> Material provided

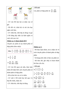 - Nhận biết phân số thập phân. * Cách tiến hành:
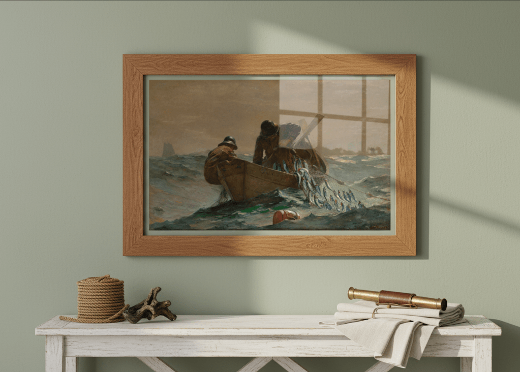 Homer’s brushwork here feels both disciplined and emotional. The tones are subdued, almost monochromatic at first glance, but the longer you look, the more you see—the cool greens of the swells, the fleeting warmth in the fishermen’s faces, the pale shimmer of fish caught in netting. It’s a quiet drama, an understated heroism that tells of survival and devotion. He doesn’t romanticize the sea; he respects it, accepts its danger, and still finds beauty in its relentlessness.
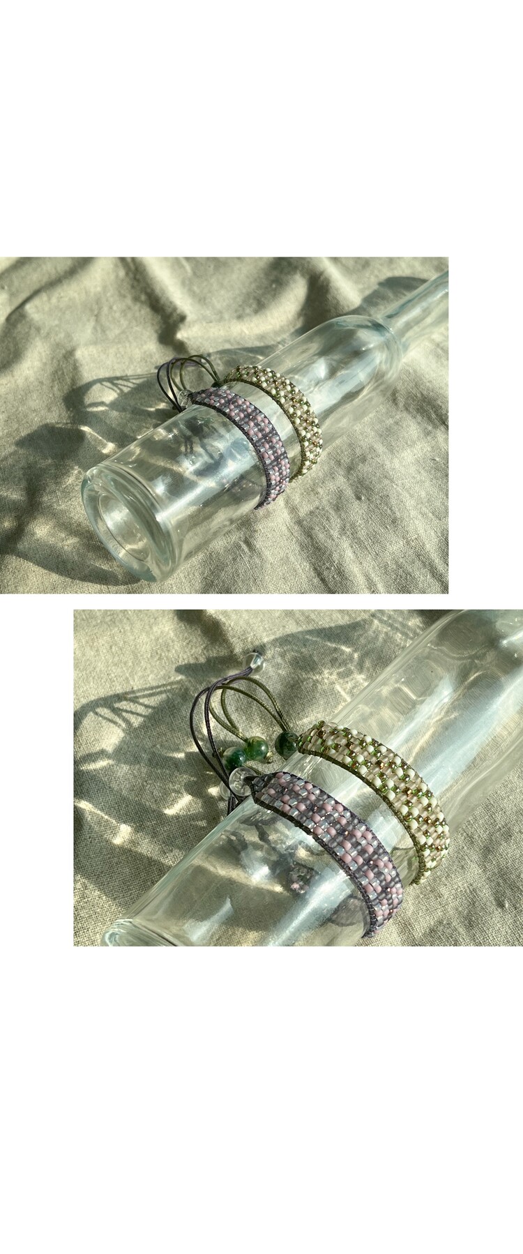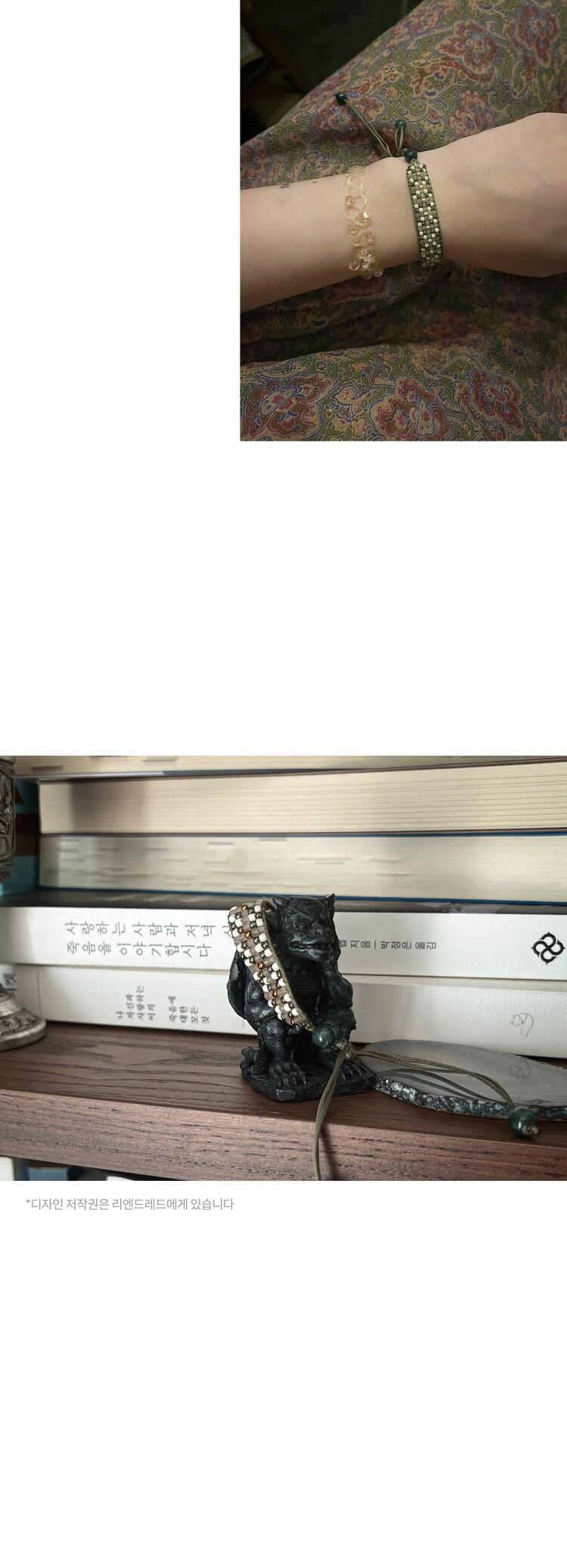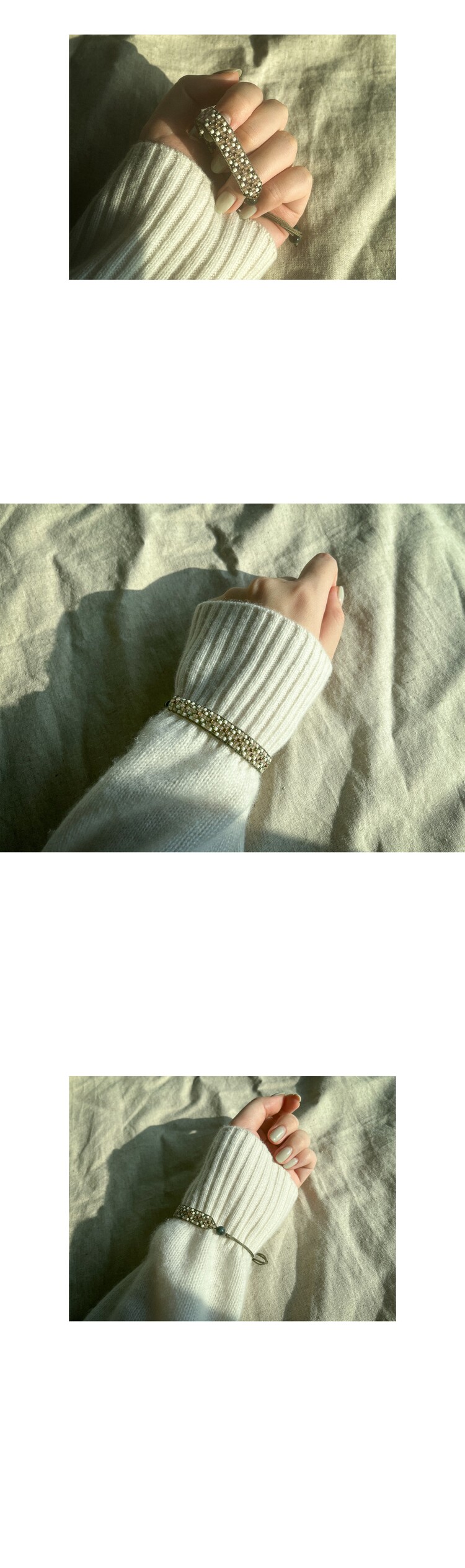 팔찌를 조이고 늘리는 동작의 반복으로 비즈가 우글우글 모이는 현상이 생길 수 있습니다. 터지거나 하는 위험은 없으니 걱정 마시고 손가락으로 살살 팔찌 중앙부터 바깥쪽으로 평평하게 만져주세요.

==

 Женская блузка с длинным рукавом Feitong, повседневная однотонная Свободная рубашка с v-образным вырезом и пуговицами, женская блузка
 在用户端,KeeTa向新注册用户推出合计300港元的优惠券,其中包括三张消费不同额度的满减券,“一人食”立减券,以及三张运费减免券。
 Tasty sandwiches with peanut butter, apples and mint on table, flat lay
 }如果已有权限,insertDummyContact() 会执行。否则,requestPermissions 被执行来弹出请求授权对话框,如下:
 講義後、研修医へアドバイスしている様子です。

==

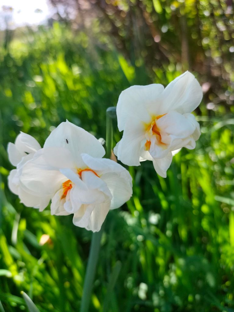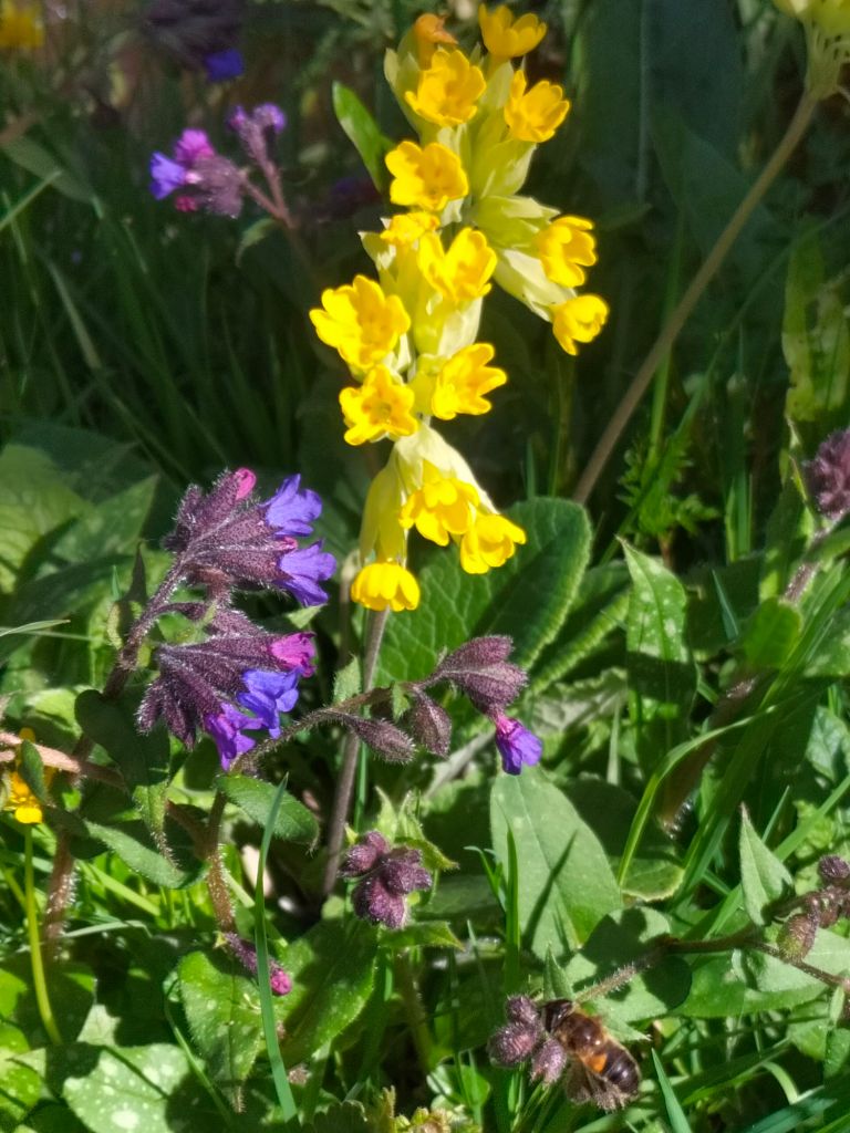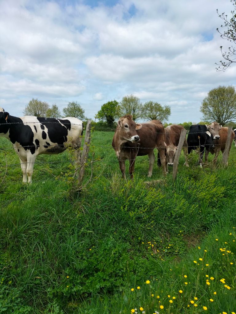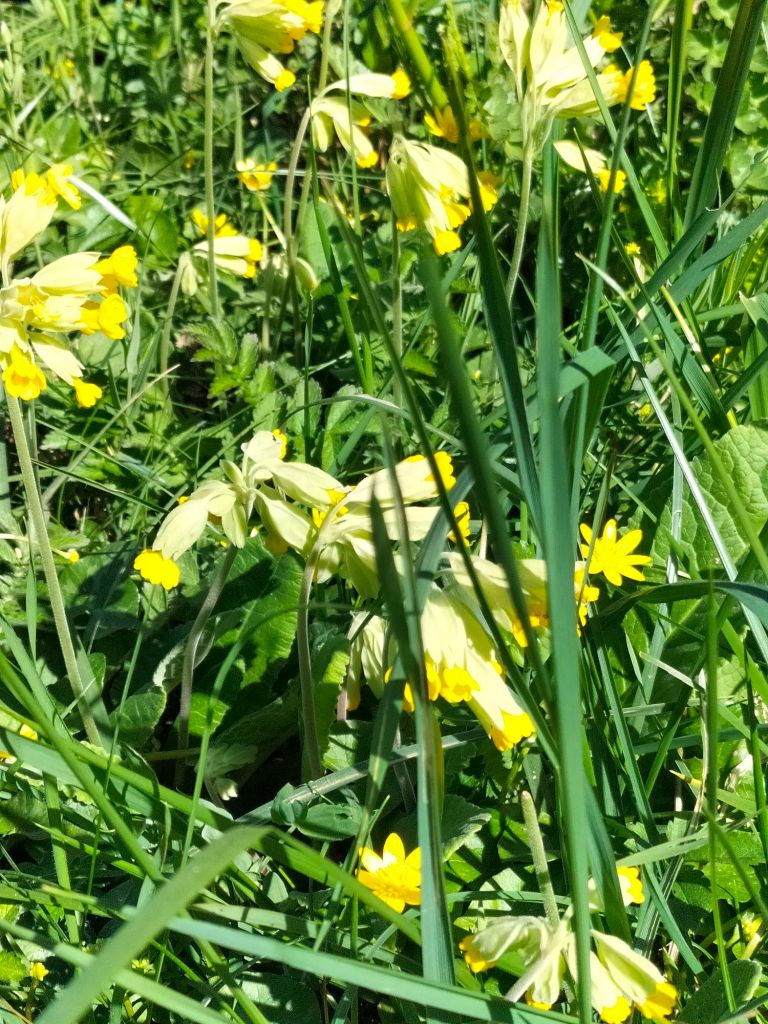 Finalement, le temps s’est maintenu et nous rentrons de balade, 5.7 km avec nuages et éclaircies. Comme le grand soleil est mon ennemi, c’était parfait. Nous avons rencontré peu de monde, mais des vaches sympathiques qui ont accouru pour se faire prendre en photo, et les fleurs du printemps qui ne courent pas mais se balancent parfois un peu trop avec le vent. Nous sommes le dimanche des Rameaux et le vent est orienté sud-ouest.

> Problem
Using the records above, set down exactly the lines from the one with "在用户端,KeeTa向新注册" through the one with "講義後、研修医へアドバイスしている様子です。", inclusive, and nothing more.

> Solution to the exercise
 在用户端,KeeTa向新注册用户推出合计300港元的优惠券,其中包括三张消费不同额度的满减券,“一人食”立减券,以及三张运费减免券。
 Tasty sandwiches with peanut butter, apples and mint on table, flat lay
 }如果已有权限,insertDummyContact() 会执行。否则,requestPermissions 被执行来弹出请求授权对话框,如下:
 講義後、研修医へアドバイスしている様子です。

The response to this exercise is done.